Une idéologie se combat avec intelligence et non avec les nerfs, a dit l’autre.
Du fait du caractère hypersensible de cette rocambolesque affaire Nanfo, je me suis abstenu de l’aborder. Mais après moult réflexion, je me suis finalement dit de briser le silence pour exprimer mon point de vue sur cet épineux dossier.
Nombre d’observateurs aguerris pensent que les autorités religieuses auraient mieux fait de raisonner Nanfo à travers des débats antinomiques, plutôt que de mettre la machine judiciaire en branle contre un homme qui croit dur comme du fer qu’on peut prier dans n’importe quelle langue.
Loin de moi l’idée d’inciter à la prière en langue Malinké, mais le dossier Nanfo a été très mal géré. On ne règle pas un problème idéologique avec des nerfs, car comme disait Elsa Wolinski : « On peut tuer des hommes, pas des idées »
En envoyant Nanfo en prison, certains ont pensé qu’une fois sorti du cachot, il n’aurait plus prié en Malinké. C’était mal évalué la résolution de l’homme. Nanfo ne désarme pas.

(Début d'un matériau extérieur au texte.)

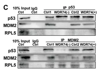 機制還需要證明相互作用。作者證明,WDR74 對于 p53 和 MDM2 的結合是必需的。
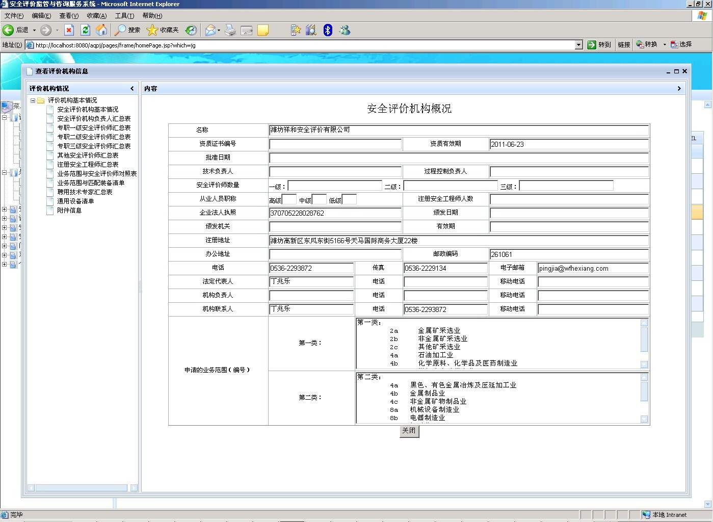 對安全評價機構資質(zhì)及業(yè)務范圍進行監(jiān)管,完成資質(zhì)的申請、變更、補發(fā)、延期、注銷的業(yè)務辦理,向社會公布評價機構名單,省外評價機構的備案,防止監(jiān)管評價機構在其許可的業(yè)務范圍外進行安全評價活動,建立全省安全評價機構監(jiān)管數(shù)據(jù)庫。
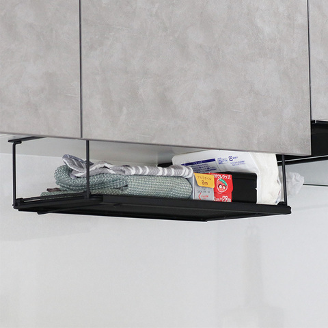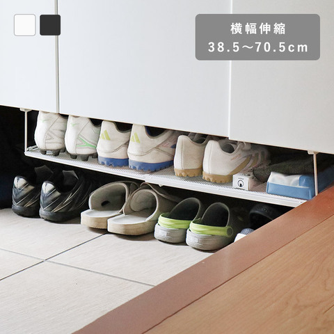 靴箱や洗面台、台所などの戸棚下に吊るすだけで新たな収納スペースが完成。散らばる靴や、定位置が決まらない物を置いてみると、すっきり空間が整います。
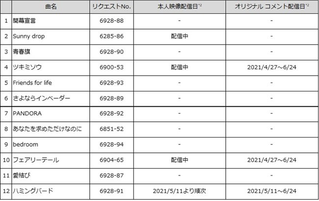 の通信カラオケDAMに配信するほか、期間限定でお楽しみいただけるメンバーからのオリジナルコメント映像配信、カラ
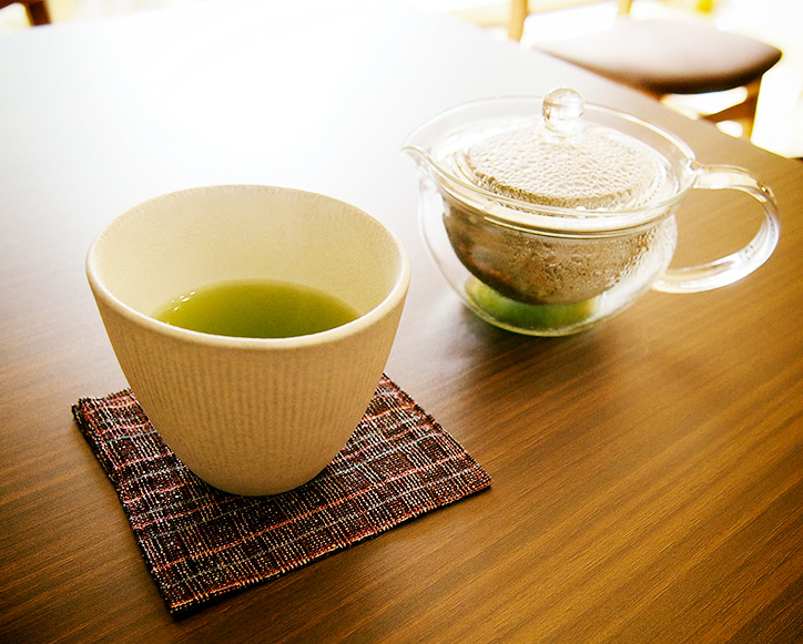 松田町の「時光窯」で制作されたオリジナル茶器は、手になじむやさしい風合いで、お店の雰囲気にも調和。細部にまでこだわりが感じられます。
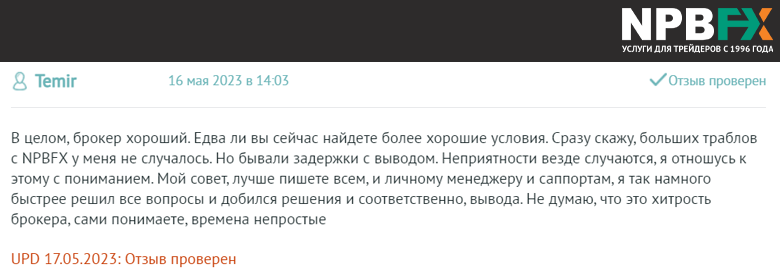Встречаются, конечно, отзывы более нейтральные, с выделением небольших проблем, от которых не застрахована ни одна компания. К примеру, из-за введения санкций и закрытия некоторых способов оплаты, брокеру пришлось экстренно искать другие пути и методы пополнения/вывода – конечно, из-за этого могли возникать проблемы и задержки. Но благодаря решению NPBFX, сейчас клиенты могут продолжать использовать карты для пополнения счета.
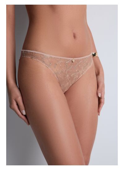 Consultez le guide de taille AubadeModèle culotte, taille aux hanches, couvrante, au feston décoratif sur les fesses. Bénéfice : une culotte enrichie au dos.
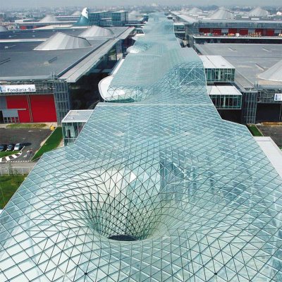 Os explico, quiero hacer un plano de estructura tridimensional triangulada (os dejo una fotografía de lo que es en papel para que os hagáis una idea). Una vez dibujado necesito deformarlo como pasa en las otras fotografías de un proyecto de Fuksas y otro ejemplo más, sin deformar las barras de la estructura (o lo menos posible al menos).
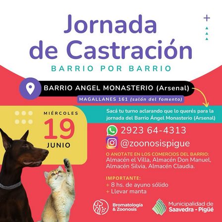 Mañana, miércoles, 19 de junio de 2024, por la mañana, habrá castraciones de mascotas en el salón de la Sociedad de Fomento del Barrio Ángel Monasterio.
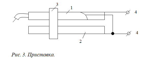 • 2, 3. Трубки, внутри трубки 3 проходит коаксиальный кабель, оплетка которого соединена внутри с трубкой 3, а жила – с трубкой 2;

Plutôt que de le dissuader, son séjour carcéral l’a gaillardement consolidé dans sa conviction et agrandi son cercle d’adeptes.
En effet, ayant juré sur tous les dieux de ne se plier à la volonté des autorités islamiques que lorsque celles-ci lui auraient montré dans le Coran des passages interdisant les prières dans une langue autre que l’Arabe, Nanfo aurait enseigné des prisonniers lors de son séjour carcéral qui auraient même embrassé son chemin.
Citation : « j’ai enseigné le N’ko à 43 codétenus et je priais en Maninkakan avec 28 d’entre eux »
L’imam Nanfo Diaby devient de plus en plus célèbre. Avant d’ébruiter l’affaire, peu de personnes avaient entendu son nom. Mais aujourd’hui, son nom a dépassé les frontières guinéennes. C’est le monde qui parle de lui.
Pourtant, les autorités auraient pu éviter cela en ne lui donnant pas trop d’importance ou en le raisonnant autrement.
Pour rappel, le monde a découvert le guide de la confrérie Djèdèkolobaaya en 2019, plus précisément au mois de Ramadan, lorsqu’il a été filmé en train de diriger une prière en Malinké. Une vidéo qui a remué la toile.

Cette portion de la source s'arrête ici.